Stored items
-----
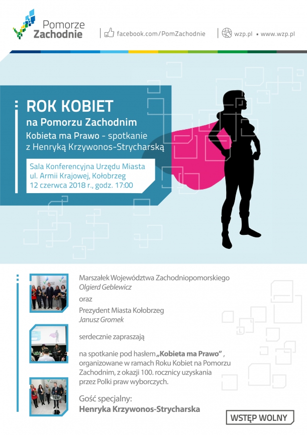 Marszałek Województwa Zachodniopomorskiego Olgierd Geblewicz zaprasza na spotkanie pod hasłem „Kobieta ma Prawo” organizowane w ramach Roku Kobiet na Pomorzu Zachodnim z okazji 100 rocznicy uzyskania przez Polki praw wyborczych.
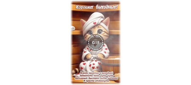 Анимированная открытка "Хороших выходных! Всегда приятно в выходной замедлить хоть чуть-чуть активный, быстрый ритм шальной"
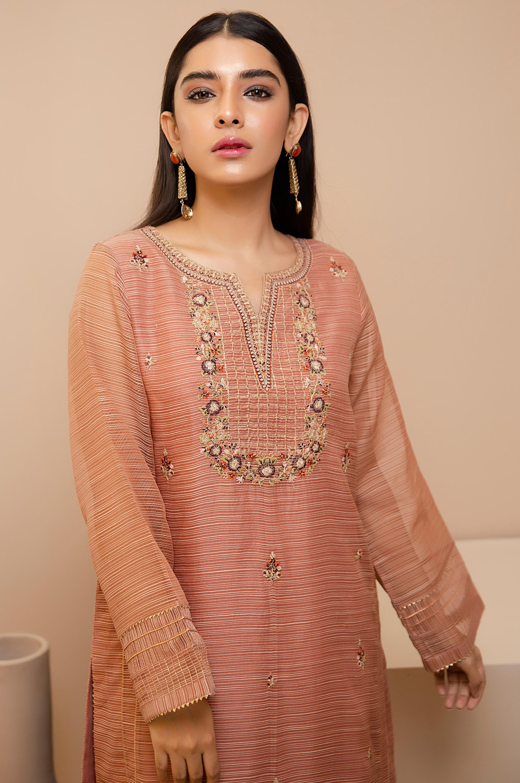 Slub Organza Embroidered Shirt, Front & Sleeves Embroidered
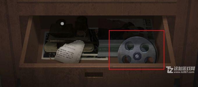 4、从房间矮柜子第二层抽屉里拿出放映盘,把它安装到放映机上,然后墙上就会出现一朵玫瑰花。
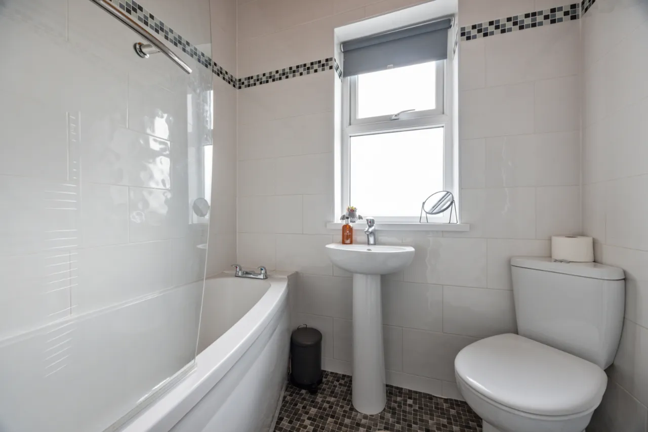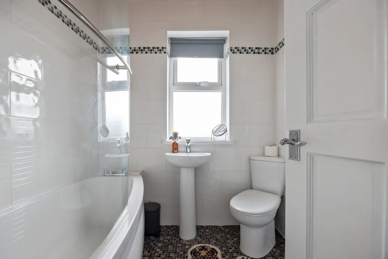 Low flush WC, pedestal wash hand basin with mixer taps, ceramic tiled floor, gas boiler.
-----
» **Problem to work on**
All lines between the one that contains "4、从房间矮柜子第二层抽屉里" and the end of the records above, both included, are to be returned exactly as they stand, except for pictures, which are omitted.

» **Answer to the exercise**
 4、从房间矮柜子第二层抽屉里拿出放映盘,把它安装到放映机上,然后墙上就会出现一朵玫瑰花。
 Low flush WC, pedestal wash hand basin with mixer taps, ceramic tiled floor, gas boiler.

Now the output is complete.